I missed it. I copied the code from another patch which didn't contain
the two locking statements and when I copied them back it became a
copy-paste bug.


> 3) even with this deadlock fixed, Rafael states that either NM or
> wpa_supplicant (I don't recall from top of my head) still don't work

That's bad. Does my suggestion solve the problem? Again:

- if (modified)
- netdev_state_change(dev);
+ if (modified && dev->flags & IFF_UP)
+ call_netdevice_notifiers(NETDEV_CHANGE, dev)

Regards,
Attila

2008-02-18 16:42:39

by Rafael J. Wysocki

[permalink] [raw]
Subject: Re: My system stops during startup with curretn git tree of 2.6.25-rc2

On Monday, 18 of February 2008, Laszlo Attila Toth wrote:
> Jiri Kosina wrote:
> > On Mon, 18 Feb 2008, Laszlo Attila Toth wrote:
> >
> >> Okay, but I can't figure out what's the problem with it. I don't have
> >> wireless card on my linux box also I can't test it but everything else
> >> works. Swap is mounted. The concurrency cannot be a problem because the
> >> write operation is protected by a lock.
> >
> > - write_lock_bh(&dev_base_lock);
> > - dev->link_mode = nla_get_u8(tb[IFLA_LINKMODE]);
> > - write_unlock_bh(&dev_base_lock);
> > + if (dev->link_mode != nla_get_u8(tb[IFLA_LINKMODE])) {
> > + write_lock_bh(&dev_base_lock);
> > + dev->link_mode = nla_get_u8(tb[IFLA_LINKMODE]);
> > + write_lock_bh(&dev_base_lock);
> > + modified = 1;
> > + }
> > }
> >
> > 1) you are accessing dev->link_mode and tb[] outside the dev_base_lock
>
> yes, because tb[IFLA_LINKMODE] is not used by someone else in this case
> only dev->link_mode. Although its value is unpredictable in case of a
> concurrent access in the condition, it does not affect the final value
> of dev->link_mode but the length of the critical section remains
> minimal. The if statement may be inside the lock.
>
> > 2) there is obvious and immediate deadlock -- you acquire the
> > dev_base_lock twice, without any unlock, just look at the chunk above
>
> Indeed:
> "Feb 16 16:51:49 sandman kernel: BUG: rwlock recursion on CPU#0,"
>
> I missed it. I copied the code from another patch which didn't contain
> the two locking statements and when I copied them back it became a
> copy-paste bug.
>
>
> > 3) even with this deadlock fixed, Rafael states that either NM or
> > wpa_supplicant (I don't recall from top of my head) still don't work
>
> That's bad. Does my suggestion solve the problem? Again:
>
> - if (modified)
> - netdev_state_change(dev);
> + if (modified && dev->flags & IFF_UP)
> + call_netdevice_notifiers(NETDEV_CHANGE, dev)

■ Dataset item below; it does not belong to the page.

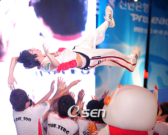'신한은행 프로리그 08-09' 올스타 2차전 및 SK텔레콤과 화승오즈의 결승 2차전이 8일 오후 부산 광안리 해수욕장 특설무대에서 열렸다. 이 날 결승 경기에서 SK텔레콤은 5-4로 승리를 거두며 '신한은행 프로리그 08-09' 우승을 차지했다. 경기를 마치고 MVP 정명훈이 SK텔레콤 동료들에게 헹가레를 받고 있다./부산=민경훈 기자 rumi@osen.co.kr

All in all, I gather you wanted me to test the patch below. :-)

Yes, that helps.

Thanks,
Rafael

---
Fix net/core/rtnetlink.c breakage caused by commit
45b503548210fe6f23e92b856421c2a3f05fd034
"[RTNETLINK]: Send a single notification on device state changes."

Signed-off-by: Rafael J. Wysocki <[email protected]>
---
net/core/rtnetlink.c | 6 +++---
1 file changed, 3 insertions(+), 3 deletions(-)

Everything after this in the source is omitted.